Aiming at the target recognition problem of OFDM signal communication radiation source under the condition of small samples, a data enhancement method based on phase and time domain inversion and source domain instance migration are proposed, the data set is expanded by the inversion data enhancement method, and transfer learning is introduced to Strengthen the generalization ability of the recognition model and improve the recognition accuracy of individual targets.

1 Small-sample OFDM target enhancement recognition method

Taking the OFDM signal generated by the communication radiation source as the research object, the target recognition problem of the communication radiation source is studied in the case of a small sample. The experimental data comes from the most easily obtained OFDM signal of the mobile phone. By judging that the mobile phone currently emitting the OFDM signal belongs to Huawei Enjoy Z, which model of Xiaomi Play4 or vivo Y70s, etc., further determines whether the individual mobile phone belongs to which one of the five Huawei Enjoy Z or five Xiaomi Play4 mobile phones. The individual identification of the mobile phone is helpful to identify criminals in the The mobile phone used in the case of frequent replacement of the Subscriber Identification (SIM) card, and then to identify its identity, has a certain application value in public security management. There is a certain commonality in digital broadcasting, communication radio and other fields.

Figure 1 shows the overall flow of the small-sample OFDM target enhancement recognition method based on transfer learning. Among them, (1, 2) represents the step size, that is, after each convolution, the convolution kernel moves one position vertically, and moves horizontally 2 positions; 1×7 and 3×3 are the size of the convolution kernel; 64 and 128 are the number of channels output by this layer, that is, the number of convolution kernels; 5 in the fully connected layer indicates the dimension of the output, that is, the recognition The model finally outputs a 5-dimensional vector. First, through data preprocessing, segmental screening, normalization, and dual-channel data extraction are performed on the pre-collected mobile phone OFDM signal; second, the convolution kernel structure is modified according to the multi-carrier characteristics of the OFDM signal , to make adaptive adjustments to the residual network; again, use the data enhancement method to expand the data samples; finally, on the basis of the above experiments, use the transfer learning method to train the old model using the source domain data, and use the old model The new model is initialized with parameters, so as to construct the target domain recognition model, complete the target recognition task, and finally achieve the purpose of knowledge transfer.

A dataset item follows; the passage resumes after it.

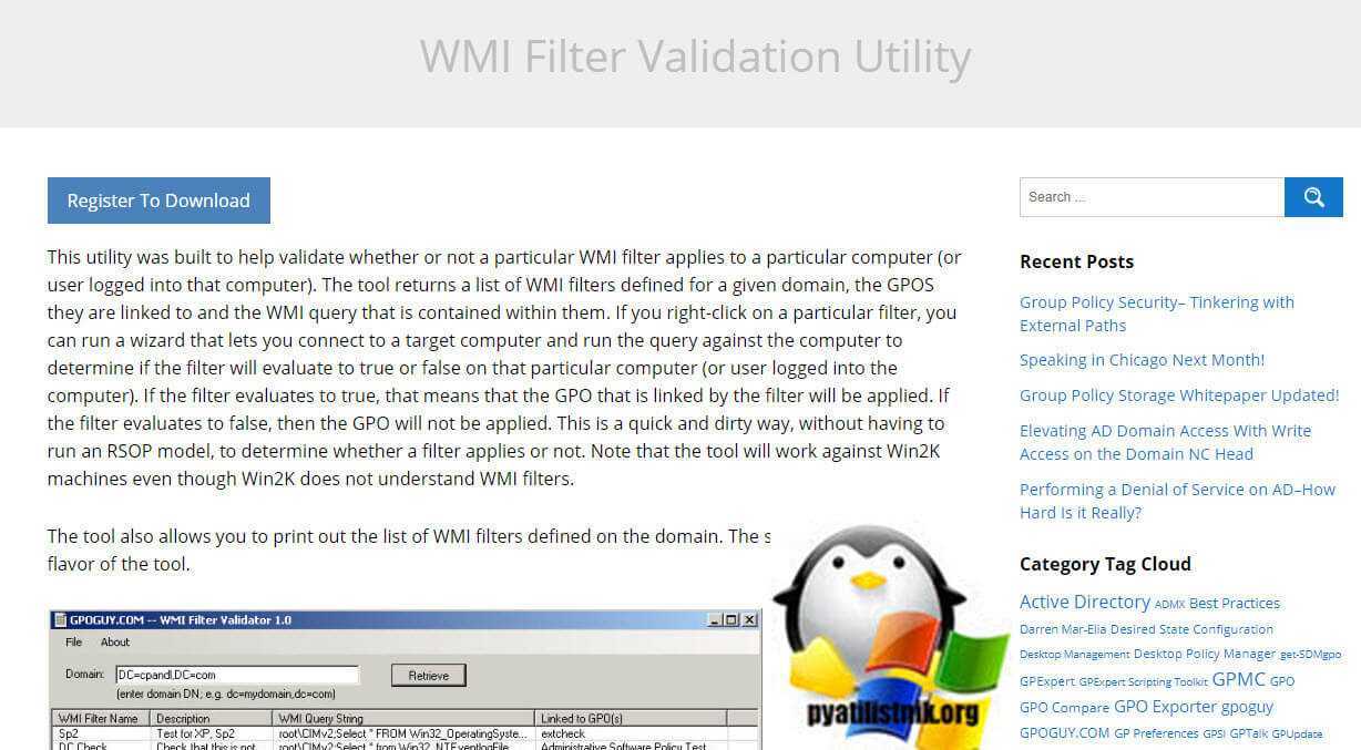 Скачать WMI Filter Validation Utility 1.1 можно на официальном сайте https://sdmsoftware.com/gpoguy/free-tools/library/wmi-filter-validation-utility/, но там от вас потребуется регистрация. Если не хотите, это делать, то можете загрузить WMI Filter Validation Utility у меня с сайта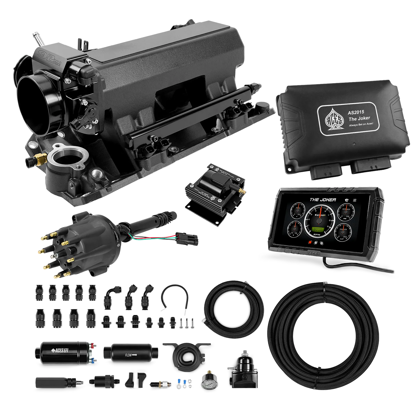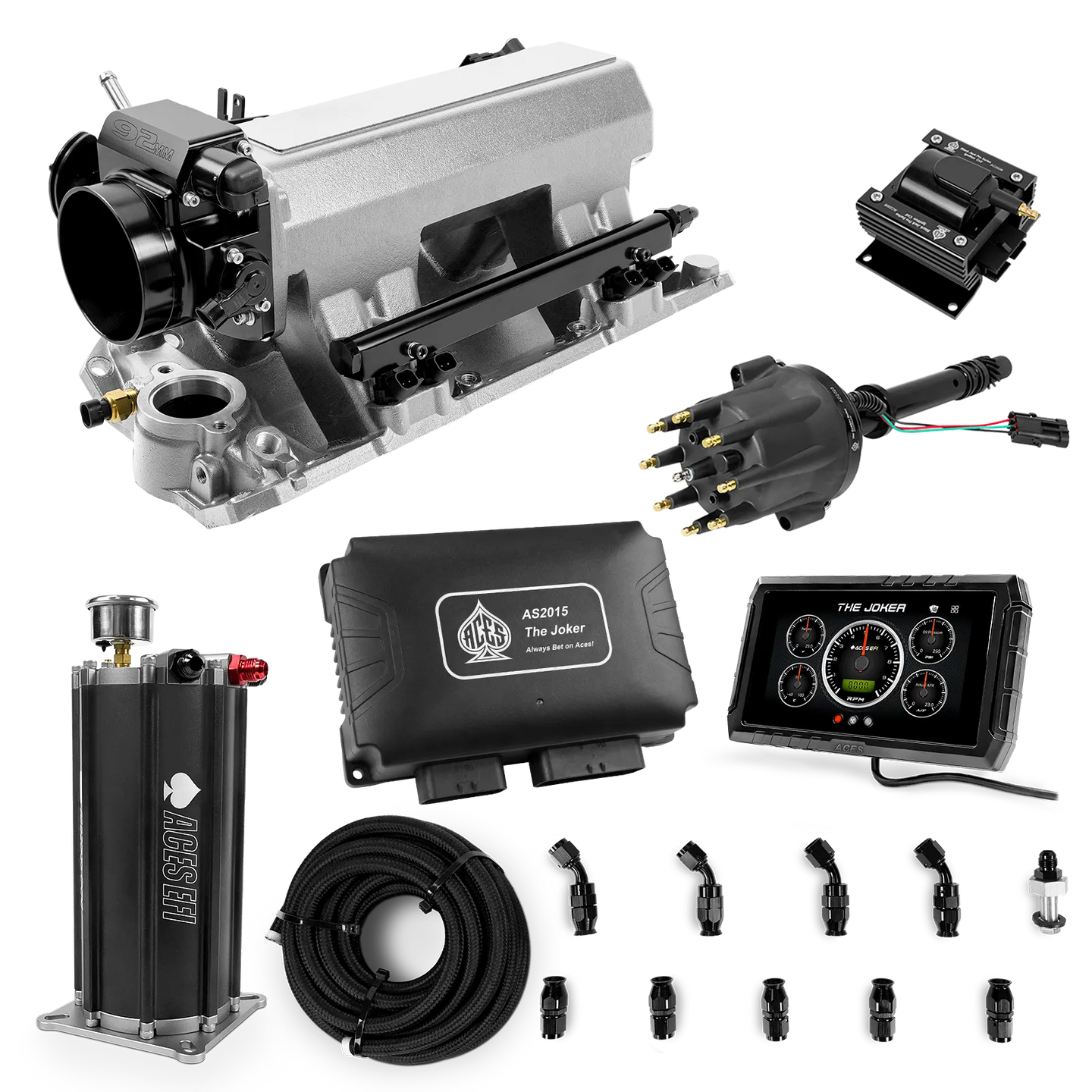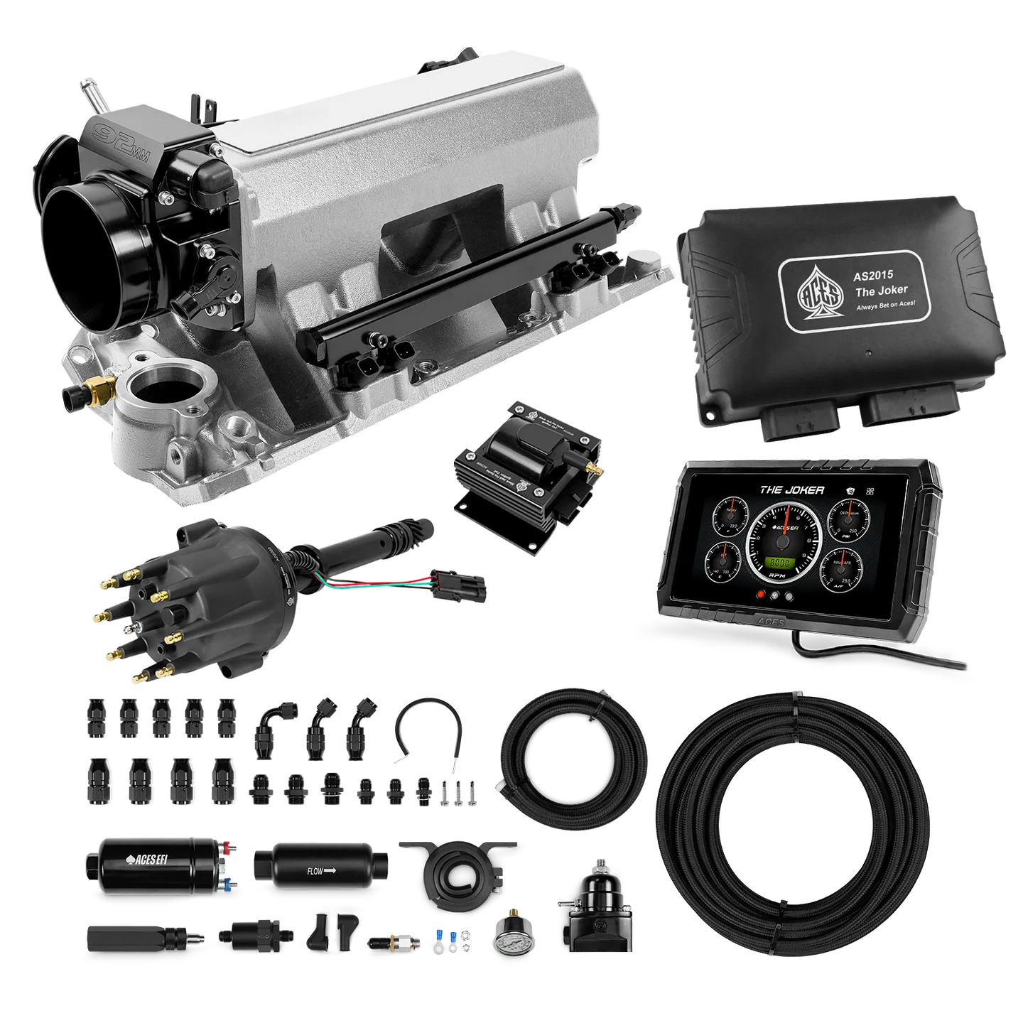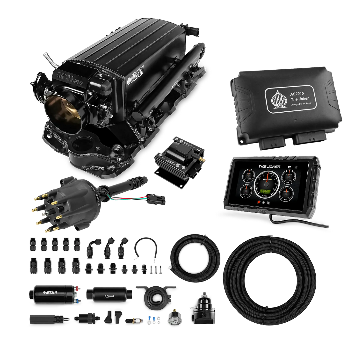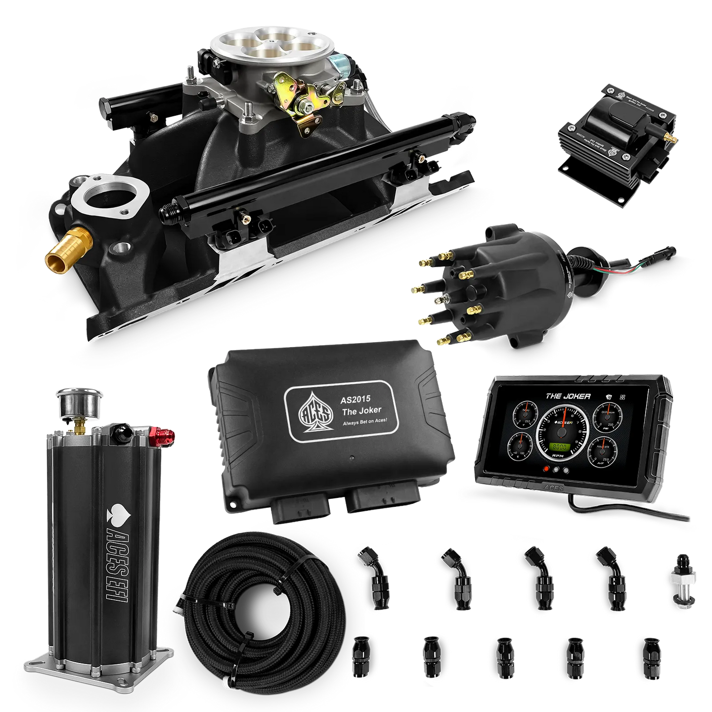 Take your high-performance or boosted V8 to the next level with ACES EFI’s Joker EFI/CDI—the most powerful Multi-Port EFI system on the market! The Joker is the only EFI system that integrates a Digital Capacitive Discharge Ignition (DCDI) system inside the ECU, delivering unmatched spark energy, precision, and control. Whether you're running high compression, forced induction, or aggressive racing setups, the Joker’s high-voltage CDI system ensures maximum power and efficiency.

Figure 1 The overall process of OFDM signal target recognition method

1.1   OFDM signal preprocessing

In the acquisition of OFDM signals, the acquisition time of each data file is 100 ms. As shown in Figure 2, the data of each 1 ms length includes 14 OFDM symbols and 1 time slot number, and the data is transmitted in two time slots. The 14 OFDM symbols are 3 effective signals, 1 reference signal, 6 effective signals, 1 reference signal, and 3 effective signals. Each OFDM symbol contains 108 subcarriers, and each subcarrier is represented by two IQ channels (2 short data type).

Figure 2 OFDM signal data structure diagram

Data preprocessing is divided into three parts: data segment screening, normalization, and dual-channel data generation. Firstly, the data of each 100 ms is segmented, and the signals in each data file are divided into effective signals, reference signals, and time slots, and the effective signals are selected. Then, since the individual fingerprint characteristics of the radiation source have nothing to do with the transmission power of the signal, in order to avoid the influence of the difference in signal power, the data samples were normalized; finally, the processed data of each 100 ms were divided into spectrogram, IQ Two-way real part and real part plus imaginary part, IQ two-way modulus single-channel and modulus-length plus phase dual-channel, a total of 5 ways, each generating a signal data sample.

1.2   Residual network classification method based on adaptive adjustment

The residual network (ResNet) is a convolutional neural network. By using the residual module, the performance degradation problem caused by the increase in the depth of the convolutional neural network can be solved. It contains a new network block, the network block input is x, and the output is Q(x), this network block maps the input feature x to Q(x)-x, and Q(x)-x is recorded as F(x), that is, the network block calculates the original mapping Q(x) and the input feature x The difference F(x) is called "making the network block learn the residual of the original network block Q(x) and the input feature x". The network block structure is shown in Figure 3. Among them, ReLU is a modified linear unit.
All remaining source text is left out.